Problems with assembling gcc assemblies

While writing C code, I decided to compile it into assembly and read it - I just do it occasionally from time to time - it's an exercise to get me thinking about what the machine does every time I write an expression in C.

Anyway, I wrote these two lines in C

asm(";move old_string[i] to new_string[x]");
new_string[x] = old_string[i];
asm(";shift old_string[i+1] into new_string[x]");
new_string[x] |= old_string[i + 1] << 8;

      

( old_string

is an array of char

, a new_string

is an array unsigned short

, so given two characters 42 and 43, this would put 4342 in new_string[x]

)
Which produced the following output:

#move old_string[i] to new_string[x]

movl    -20(%ebp), %esi         #put address of first char of old_string in esi
movsbw  (%edi,%esi),%dx         #put first char into dx
movw    %dx, (%ecx,%ebx,2)      #put first char into new_string

#shift old_string[i+1] into new_string[x]

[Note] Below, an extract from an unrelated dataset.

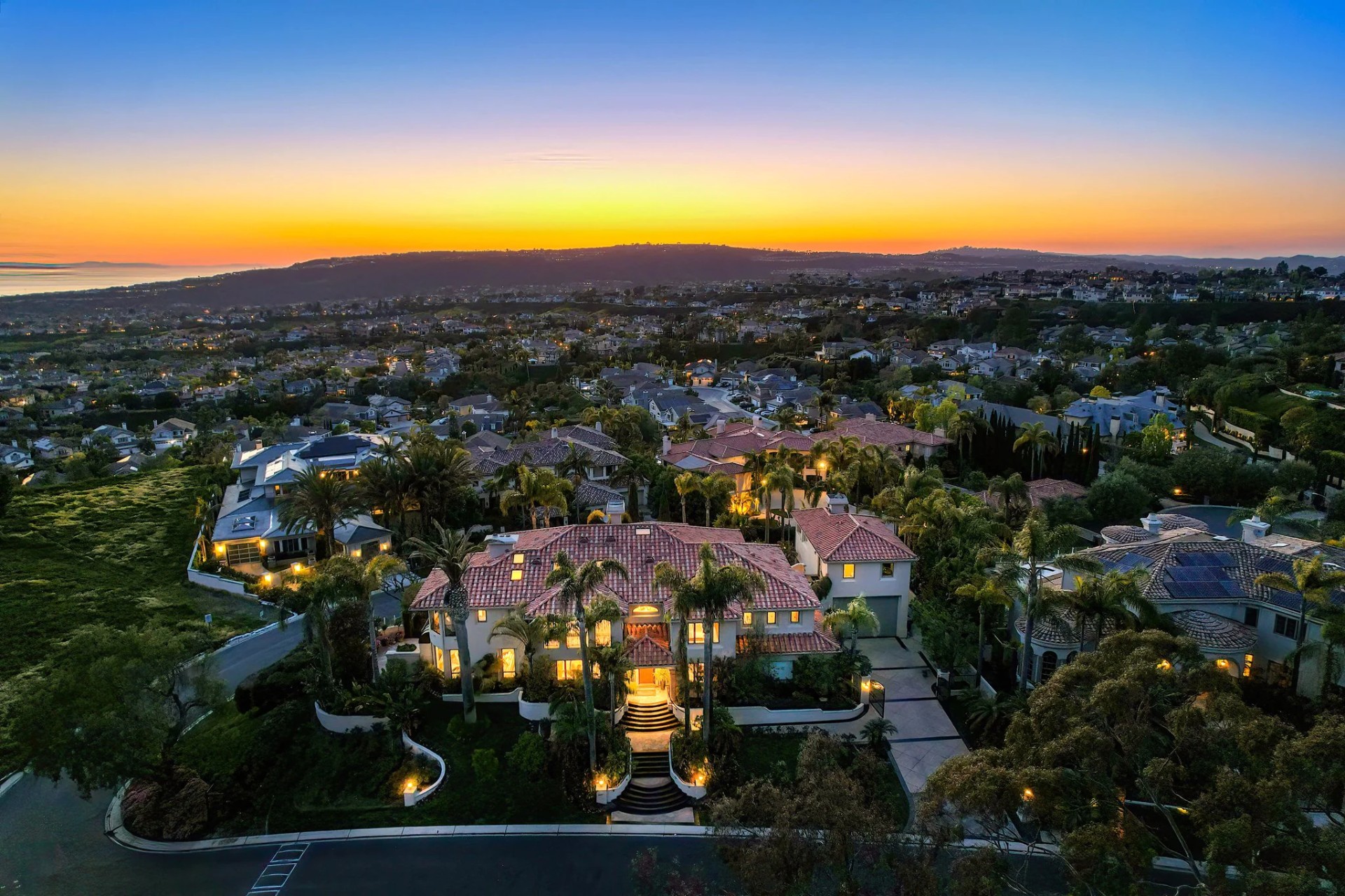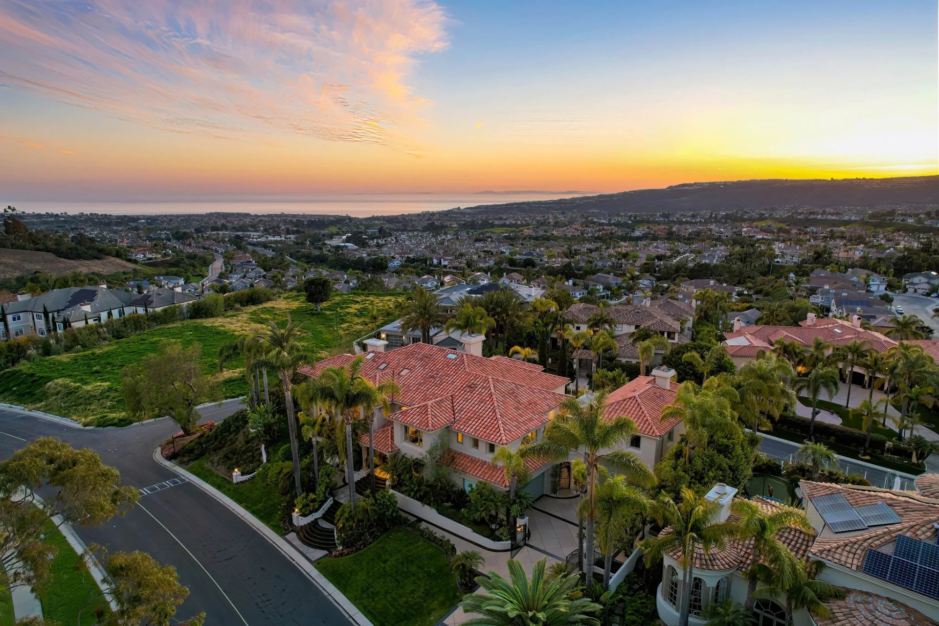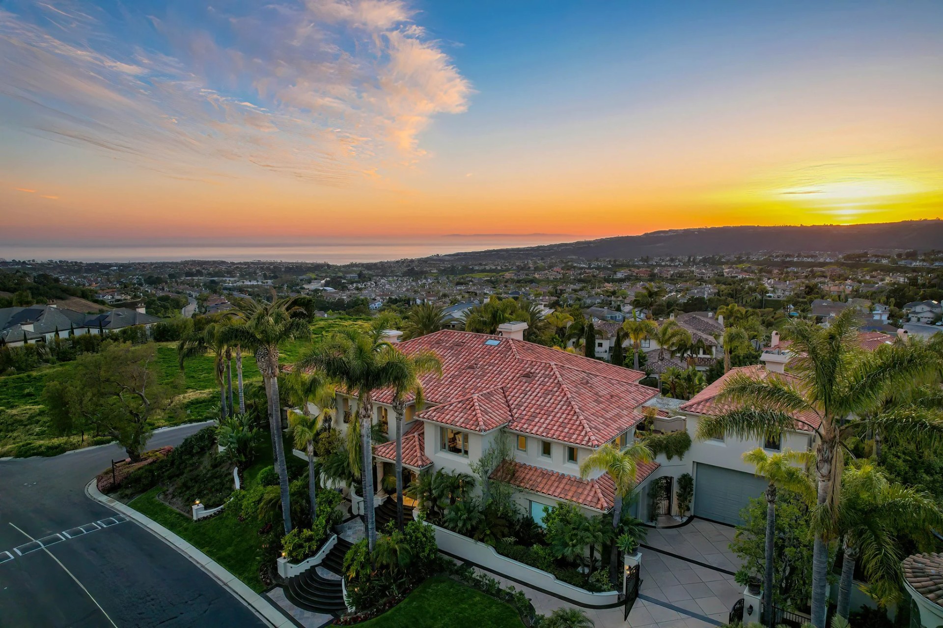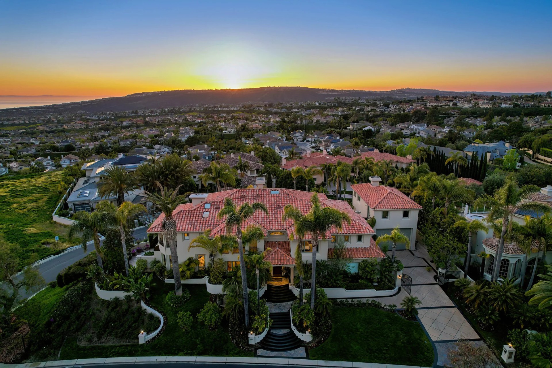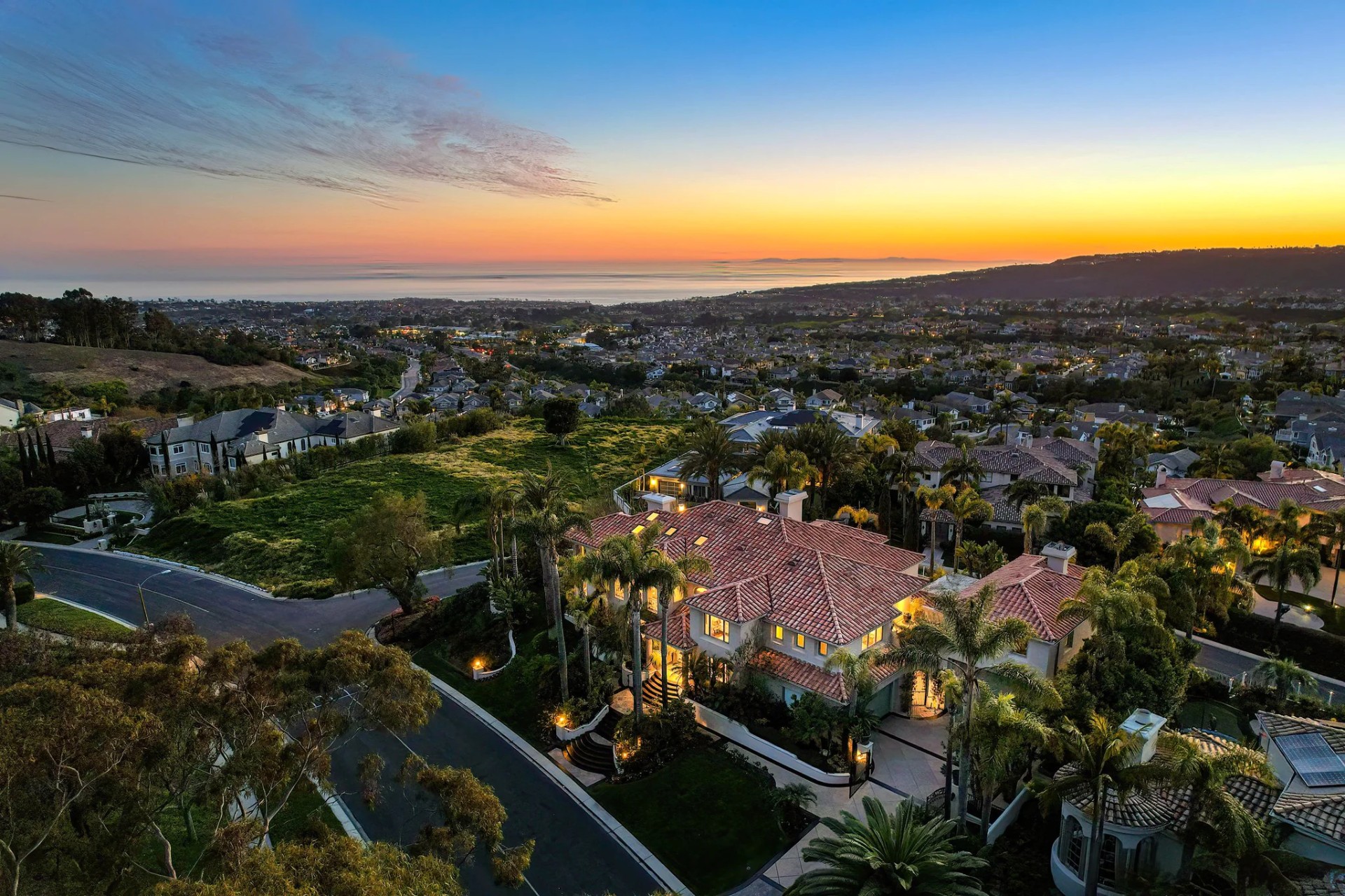 Located within the prestigious Bear Brand Ranch community in Laguna Niguel, this 7,500+ sq. ft. home sits on an expansive corner lot with views of Pacific Ocean and boasts 6 beds, 8 baths, and every amenity imaginable. Upon entrance, the foyer features a double-height ceiling, wrought iron chandelier and railings, and a grand hardwood curving staircase. The living room, also with a double-height ceiling, has an abundance of light thanks to a wall of windows overlooking the sparkling pool. The elegant dining room has a two-sided fireplace, shared with the adjacent living room, large windows with views of the pool, and a modern glass chandelier. The chef’s kitchen comes with SubZero and Wolf appliances, beautiful tile backsplash, sleek white cabinetry with Crystalo quartzite counters, and a large center island with breakfast bar. The cozy family room is bright and airy and comes with a double-sided fireplace and a bar - which is shared with the billiard room with bar seating. An ensuite guest bedroom and a gorgeous office with custom wood paneling and coffered ceiling complete this main level. The primary suite is a luxurious retreat with high vaulted ceilings, chandelier, large windows, double- sided fireplace, massive walk-in closet, and a private covered terrace with fireplace and ocean views. The spacious spa-like bathroom boasts dual sinks and vanity with marble countertops, a free-standing soaking tub, walk-in shower, and fireplace. Three additional ensuite bedrooms can be found on this level. Above the garage, you’ll find a spacious casita with vaulted ceilings and exposed wood beams, sink, mini-fridge, and a full bathroom. The expansive backyard is perfect for either a peaceful retreat or for entertaining guests. This space offers multiple covered seating/eating areas, pool and spa, and an outdoor BBQ. A fully equipped gym (located in the RV garage) and a 5-car garage complete this unique offering. Property is located near excellent public and private schools, shops, restaurants, hiking/biking trails, and world-class beaches.

movsbl  1(%esi,%edi),%eax       #put old_string[i+1] into eax
sall    $8, %eax                #shift it left by 8 bits
orl     %edx, %eax              #or edx into it
movw    %ax, (%ecx,%ebx,2)      #?

      

(I am commenting on it myself so I can follow what happens.) I compiled it with -O3, so I might as well see how the compiler optimizes certain constructs. Anyway, I'm sure it's probably simple, but here's what I won't get:

the first section copies a char

from old_string[i]

and then transfers it (from dx

) to (%ecx,%ebx)

. Then in the next section copies it old_string[i+1]

, shifts it, or returns it, and then puts it in the same place from ax

. Does it put two 16-bit values ​​in the same place? Wouldn't that work?

Also, it shifts old_string[i+1]

to the top dword eax

, then ors edx

( new_string[x]

) into it ... then puts ax

into memory! Wouldn't it ax

just contain what was already in new_string[x]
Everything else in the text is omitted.